Moreover, it is not obvious that Deck should be extended to the particular facts present here. Mendoza testified unshackled before the jury, which may have rebutted an inference that he was shackled behind the brown paper. Moreover, that he testified unshackled renders inapposite at least part of Deck's rationale, namely, that shackles "can interfere with a defendant's ability to participate in his own defense, say, by freely choosing whether to take the witness stand on his own behalf." Id. at 630, 125 S.Ct. 2007.

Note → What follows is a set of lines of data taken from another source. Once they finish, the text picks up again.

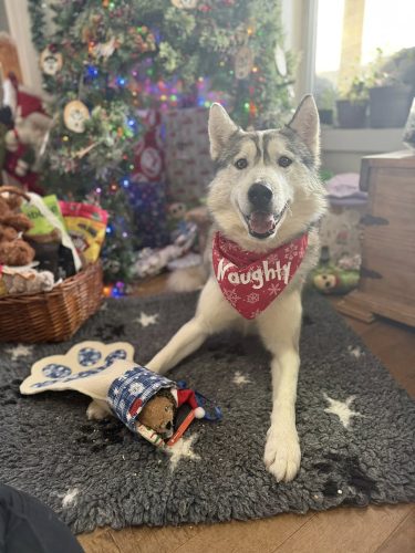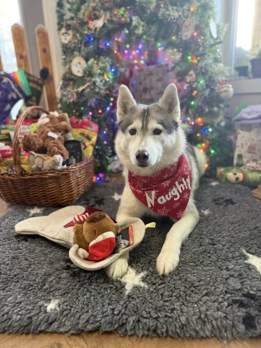 December 2024: December came in with great news as Blackmail’s OFA hip results came back and he was rated OFA ‘Excellent’!! This is always the best news as Excellent is the BEST score you can get!! We had fun taking some fun Christmas photos of Onyx, Kindle, Iceka & Faelan and hung the dog stockings. Do you think the dogs were good enough for Santa to come this year? I think yes! Well.. maybe aside from Blackmail who is our Houdini escape artist.. hehe. On December 10, 2024 all 3 of our Kaniska dogs earned their 2-K9 Ruff Run title. This is Rooster’s 3rd title and a first title for both Fen & Rhea!! On December 17, 2024 Fen & Rhea took it up a notch earning their TKN (American Novice Trick Dog) titles.. such good dogs!!! Rhea one upped her brother by earning her Novice Trick Dog (Canadian version) title before him, on Dec 18. But two days later on Dec 20 Mr Fen earned his NTD title as well <3 We are wishing everyone a Merry Christmas and a Happy New Year!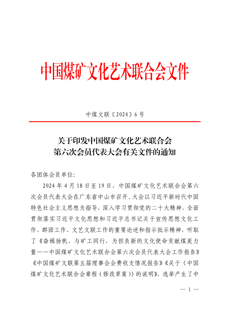 關于印發中國煤礦文化藝術聯合會第六次會員代表大會有關文件的通知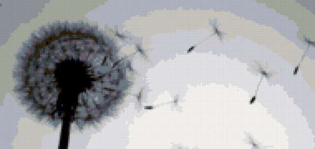 Ориентировочно так, схема вышивки «Одуванчик в полете», созданная автором irina-K, будет выглядеть при отшиве на канве. Размер данной вышивки равен 190x90 крестов, при этом используется 16 цветов. Ключевые слова, по которым можно найти эту схему: одуванчик. Также, вы можете взглянуть на оригинальную картинку, соответствующую данной схеме вышивки.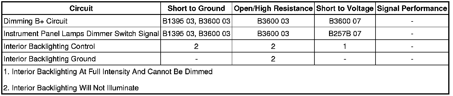 • If the LED backlighting components do not change between the commanded states, refer to Interior Backlighting Malfunction.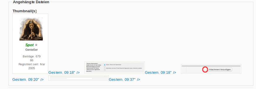 Mir sind aber noch zwei Artefakte aufgefallen, die aber wirkliche Kleinigkeiten sind: Neben den Thumbnails der Attachments in Betirägen stehen aus irgendeinem Grund schlecht formatierte Daten (vermutlich die Upload-Zeitpunkte). Und die Buttons beim Entfernen von Attachments scheinen fehlerhaft dargestellt zu werden. (Letzteres könnte aber auch an meinem Browser liegen, d.i. im Wesentlichen Firefox 54.0.)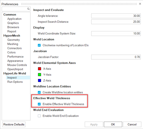 Stress (corrected) = Stress (current) * Ar / shell thickness. This applies only to the stress normal to the weld and the shear stress. By default the value of Ar is set for the minimum shell thickness and then you can modify the value accordingly.Tip: Turn on the Enable Effective Weld Thickness option in Preferences to automatically set all weld lines to Yes in the Points Context. The option is disabled by default.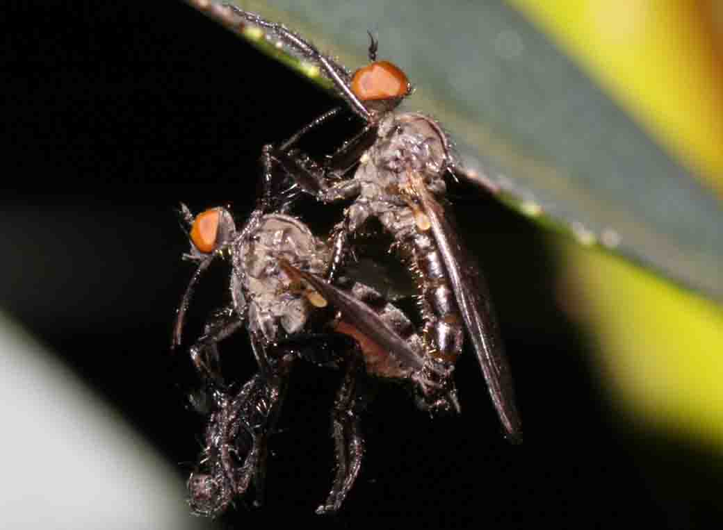 Dear Experts! Enclosed a diptera couple I found beginning of September in my garden in Amstetten (300m) in Lower Austria. The female is carrying rest of a prey. Some days before I saw this fly collecting nectar/pollen? on Soilitago. What ID could this be and is it living on prey or nectar? Thanks for help; Norbert. Norbert attached the following image: ![]() [44.27Kb] |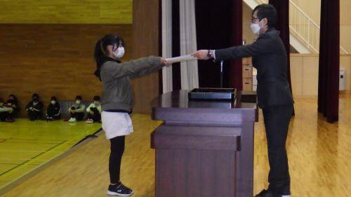 本日、修了式が行われました。それぞれの学級の代表が校長先生から修了証を受け取りました。子供たちは、普段よりも立派な態度で式に参加していました。校長先生から、「友達を思いやること、最後まで頑張ることをこれからも続けてください。そして春休みには本をたくさん読んでください」とのお話がありました。
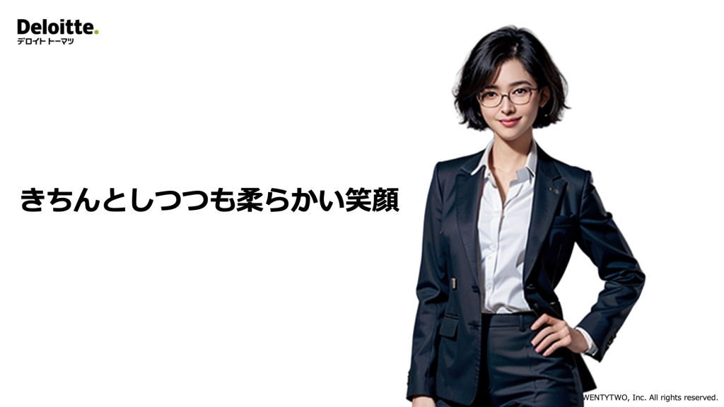 「デロイトトーマツコンサルティング」の女性社員を擬人化した場合、どのような外見になるでしょうか?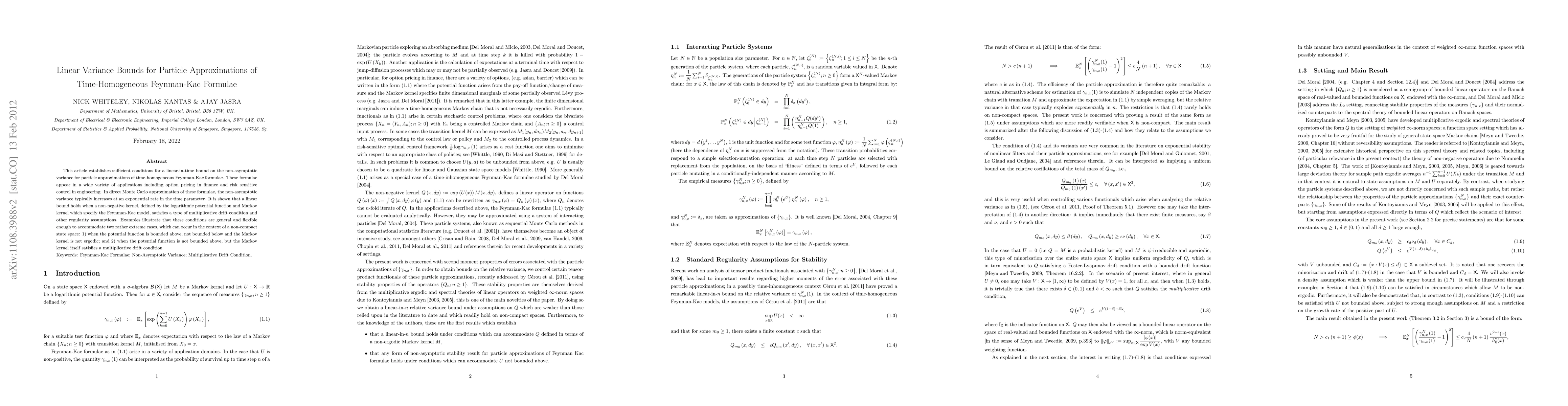 This paper establishes conditions for linear variance bounds in particle approximations of time-homogeneous Feynman-Kac formulae, showing that a linear bound holds when the kernel satisfies a multiplicative drift condition and other assumptions. The conditions are shown to be flexible enough to cover extreme cases in non-compact state spaces.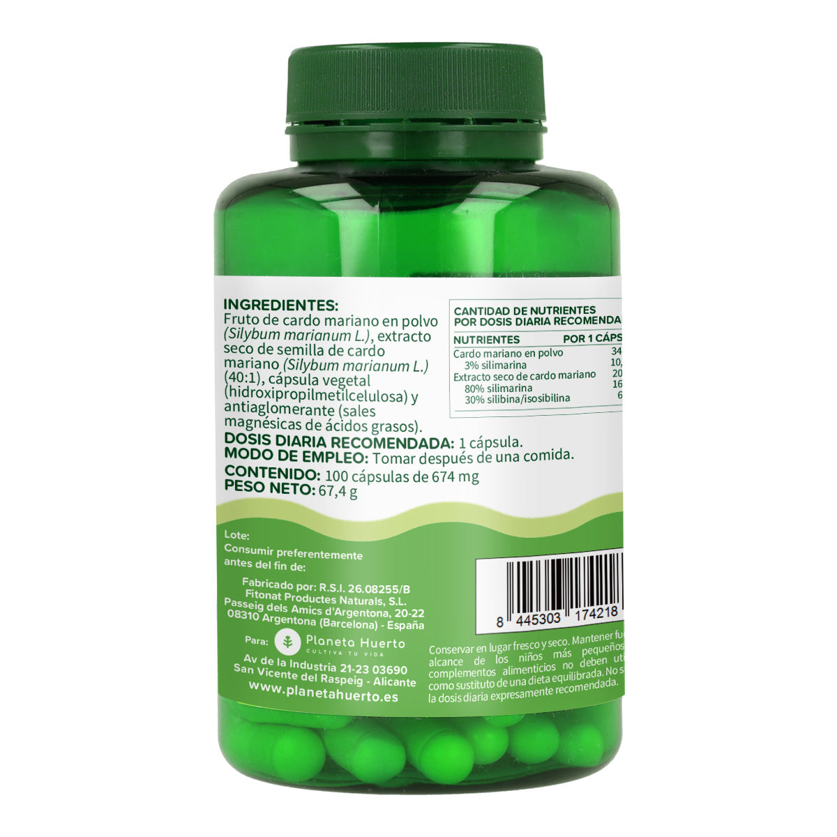 Bote con 100 cápsulas vegetales de 674 mg.

Finally, we do not think it especially significant that, according to Mendoza, several jurors saw him shackled while he was being transported to the courtroom. Restraining a defendant in the courtroom, and restraining him during transport there, are two very different things. See, e.g., United States v. Moreno, 933 F.2d 362, 368 (6th Cir. 1991) ("We have distinguished the inherent prejudice to a defendant who is shackled while in the courtroom from a defendant who has been observed in shackles for a brief period elsewhere in the courthouse"). As the district court observed, "[i]t is reasonable for law enforcement officers to transport custodial criminal defendants to and from courthouses across the country with restraints." (Emphasis added.) And jurors may well expect criminal defendants — at least ones charged with the kind of conduct at issue here — to be restrained during transport to the courtroom. That several jurors may have seen Mendoza shackled during transport, therefore, would not necessarily suggest to them that he was shackled in the courtroom as well.

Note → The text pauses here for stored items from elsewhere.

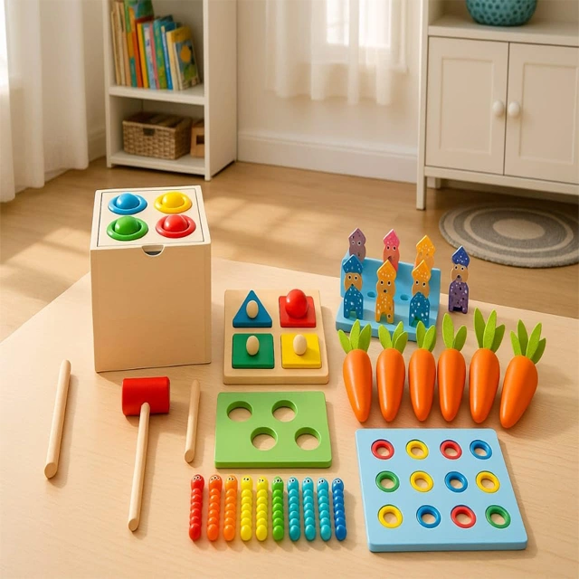 •  5-in-1 Montessori Activity Toy Set for Toddlers – This wooden educational toy set includes carrot pulling, shape sorting, magnetic fishing, color matching, and a hammer game. A complete early learning activity box for kids aged 2 to 4 years.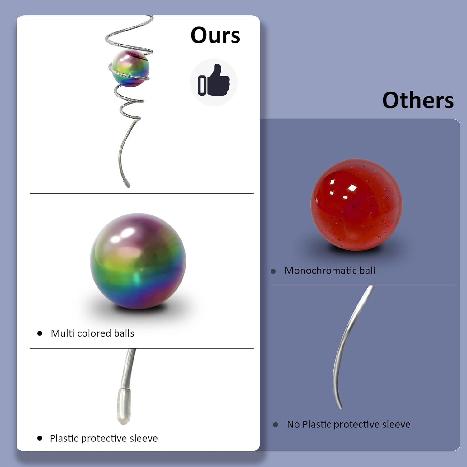 - 【High Quality】11inch height spiral tail made of #304 stainless steel wire,the 2inch colored ball made of pure solid color glass material,have good weather resistant,no fading under sunshine.Better quality than iron material with nickle plating and painting color glass ball in the market.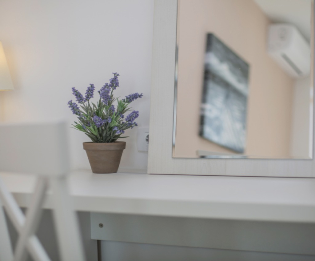 Высокие потолки, белые стены и деревянные полы, дополненные современной мебелью и техникой, включая кондиционеры, дадут вам больше, чем нужно.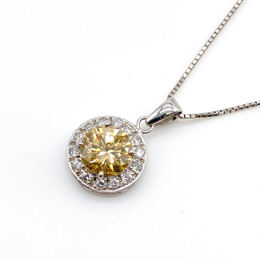 - g21541 Pt850/900 D1.15ct(FANCY ORANGY BROWN/SI-2) FD0.21ct ネックレス USED 美品 3.9g 45cm アジャスター付 ソーティング付

None of this is to say that Deck obviously should not be extended to these facts. But it is to say that this case presented the Michigan courts with a close question. And because the question was close, we are not free to hold that their resolution of it was objectively unreasonable. The district court was correct to deny habeas relief on this ground.
Mendoza's remaining claim is that hallway-viewing incident — in which several jurors allegedly observed him shackled during transport — amounted to a standalone violation of his constitutional rights. As Mendoza himself concedes, however, the Supreme Court has not held that a defendant's constitutional rights are violated when jurors see him shackled during transport to or from the courtroom. (There is, incidentally, authority from our court to the contrary. See, e.g., Moreno, 933 F.2d at 368.) Consequently, the predicate for his claim — "clearly established federal law, as determined by the Supreme Court of the United States" — is absent here. 28 U.S.C. § 2254(d)(1).
For these reasons, we affirm the district court's decision.